The events precipitating this action stem from an agreement, dated October 1, 1984, between plaintiffs, Union Security Agency, Inc. and its owner/operator Frank Falvo, and defendants, H.A. Leonelli Agency, Inc., predecessor to Leonelli Union Security Agency, Inc. (hereinafter Leonelli Union), and its owner/operator Harold Leonelli. Plaintiffs agreed to place their insurance business through Leonelli Union and defendants agreed to pay them commissions therefrom. This action was commenced in November 1987 alleging, inter alia, in the amended complaint an interference with plaintiffs’ business relationships, criminal conspiracy and the avoidance of contracts based upon fraud, usury, restraint of trade, RICO violations and criminal extortion. Plaintiffs thereafter commenced another action against various insurance companies alleging similar contentions and the cases were consolidated. By motion for summary judgment in 1997, wherein direct challenges to the legal and factual contentions in the amended complaint were raised and reviewed, all defendant insurance companies, other than Leonelli Union, had the claims against them dismissed by noting, inter alia, various pleading delicien*897cies. With only Leonelli Union and Leonelli remaining and after 13 years of delays in pretrial disclosure, Supreme Court set the trial date for May 24, 1999 despite the lack of a note of issue.
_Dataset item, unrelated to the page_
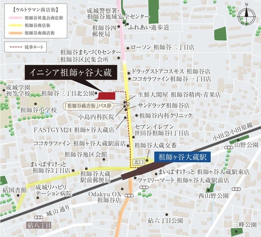 『イニシア祖師ヶ谷大蔵』は、小田急線「祖師ヶ谷大蔵」駅まで徒歩5分、駅からは商店街を抜けた落ち着きある低層住宅街に位置します。駅に近い低層マンションであり、便利な商店街アプローチでありながら現地は静かであることが、お客さまからも評価されています。

By order to show cause signed April 29, 1999, plaintiffs sought to amend the already amended complaint to assert only two causes of action — breach of the original October 1984 contract and fraud. In support of the motion, counsel conceded that while the first amended complaint did not include a claim for breach of contract, only “mak[ing] repeated reference to the contract between the parties”, various causes of action contained therein have been rendered moot through the passage of time. Proposing that the second amended complaint was essentially an edited version of the first, it referred to an affidavit of defendants submitted in connection with the 1997 motion for summary judgment wherein, they acknowledged that this was essentially a breach of contract action. Supreme Court denied plaintiffs’ motion for leave to amend, prompting this appeal.*
We affirm. While CPLR 3025 (b) details that an amendment to a pleading, by leave of court, “shall be freely given upon such terms as may be just”, the propriety of such amendment is entrusted to the discretionary authority of the trial court which will not be disturbed absent an abuse of discretion (see, Thibeault v Palma, 266 AD2d 616; Murray-Gardner Mgt. v Iroquois Gas Transmission Sys., 251 AD2d 954, 955-956; Allen v Vuley, 223 AD2d 868, 869). Agreeing with plaintiffs’ contention that mere delay is no justification for a denial of leave (see, Edenwald Contr. Co. v City of New York, 60 NY2d 957, 959), lateness in proffering such motion without excuse, yet with resultant prejudice, will be (see, Thibeault v Palma, supra; see also, Edenwald Contr. Co. v City of New York, supra).
The relevant issue here is the length of time that these causes of action were known to plaintiffs prior to their making of the motion. Our review reveals that the proffer came 13 years after the commencement of the action, over eight years after the end of the parties’ contractual relationship by the terms of the underlying agreement and two years after the determination of the motion for summary judgment which put plaintiffs on notice of the deficiency of their pleadings. Upon our comparison of these complaints, we find the original allegations to focus on intentionally tortious activities upon which discovery proceeded, as compared to the now-emphasized *898contractual breaches alleged to occur no less than eight years earlier and about which no discovery was focused.
Despite this history and the prejudicial effect of such amendment, if permitted, no excuse is offered for such delay nor is an explanation proffered as to why the motion was made within 30 days of the scheduled trial. To permit the amendment under these circumstances would certainly halt long-term litigation on the threshold of its conclusion and force additional defense expenditures since continued motion practice and disclosure would be required to determine the substance of these new allegations. Finding no viable contention that the denial of the motion was an improvident exercise of discretion (see, Thibeault v Palma, 266 AD2d 616, supra; Murray-Gardner Mgt. v Iroquois Gas Transmission Sys., 251 AD2d 954, supra; Allen v Vuley, 223 AD2d 868, supra; Liberatore v Kondrat, 184 AD2d 809), we affirm the order entered May 19, 1999 and dismiss the appeal from the order entered June 24, 1999.
Cardona, P. J., Carpinello and Graffeo, JJ., concur. Ordered that the ordered entered May 19, 1999 is affirmed, with costs. Ordered that the appeal from order entered June 24, 1999 is dismissed, with costs.
Plaintiffs’ motion to reargue was denied and, although a notice of appeal from said order was filed, the appeal was abandoned.